3. I do not support overriding the tax cap for non-emergency reasons. The residents of Manchester voted that the governing board should work within the tax cap, and until such a time as most citizens vote against having a tax cap it is our duty to follow the rules given to us by residents.
Daniel P. O’Neil
Age 61; wife and one son; electrician
1. The top issue facing the city and school district is providing our departments and the school district, the necessary resources to address the needs of our residents.
2. I am running because I believe I have the compassion, experience and will to serve all our citizens.
3. I do support overriding the tax cap in order to allow the additional tax base revenues, which are available, be included in the final budget that is approved in order to deliver the needed services to our citizens and lower property taxes.
(appears on ballot as Mark Davis)
1. Every year, the budget increases without any noticeable improvement in academic outcomes — at least, compared to 10 years ago. School budgets need to be fully transparent down to the last dime in the form of a check register. I believe they have done, or are already doing this in Goffstown.
2. I am frankly tired of the Manchester city council spinning its wheels and not doing much other than filling time. I’ve been homeless; I know what it’s like, and what needs to happen for the city to move forward with this problem.

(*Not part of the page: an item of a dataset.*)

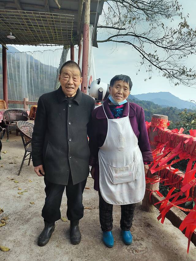 我和摊主罗老头相互祝贺八十大寿,给他俩照了相。他们老俩口去年上山后一直住在山上,偶而下下山,在这儿开餐馆和旅社,收入颇丰。三个儿子在山下的红岩村都开了民宿馆,日子过得不错。

3. I don’t support any tax cap override, unless in extraordinary circumstances. I would first like a full public disclosure of those salaries so that taxpayers can decide if raises are warranted or not.
Age 55; husband Jeffrey Rogers; owner, j.ellen Design LLC, Residential and Commercial Interior Design; vice-chair of the city’s Planning Board
1. Manchester needs more housing to serve community members who are below poverty level, workforce members above poverty level, and middle-income families. Diversity and balance are needed in the housing market to build Manchester as a sustainable and healthy community where young adults choose to stay and raise their families. In my tenure on the Planning Board, I was actively involved in the creation of our 2021 Master Plan. I will remain actively involved as we work together as a community to recommend changes to our Zoning Ordinances to allow for density and encourage the development of additional affordable housing.
2. I am running for Alderman At-Large because I believe we can do better. Manchester is resilient — we embrace our challenges and come out stronger every time. We need new faces around the table who will fight for our well-being and growth as a city while embracing diversity and creating a place where people want to live and raise their families. My leadership style is pragmatic, progressive and collaborative. My experience as an educator, technology business leader and small business owner will allow me to bring innovative ideas to the table that will be sustainable and beneficial to our community.
3. I respect the tax cap and will work to ensure that we are being efficient with taxpayer money. Each budget cycle will bring challenges and we must ensure that we are addressing our needs as a city while exploring public/private partnerships and alternative revenue streams to offset our operating costs. I will work with our elected state representatives to stay up to date on what is happening at the state level and fight to ensure that costs are not being continually downshifted to the city.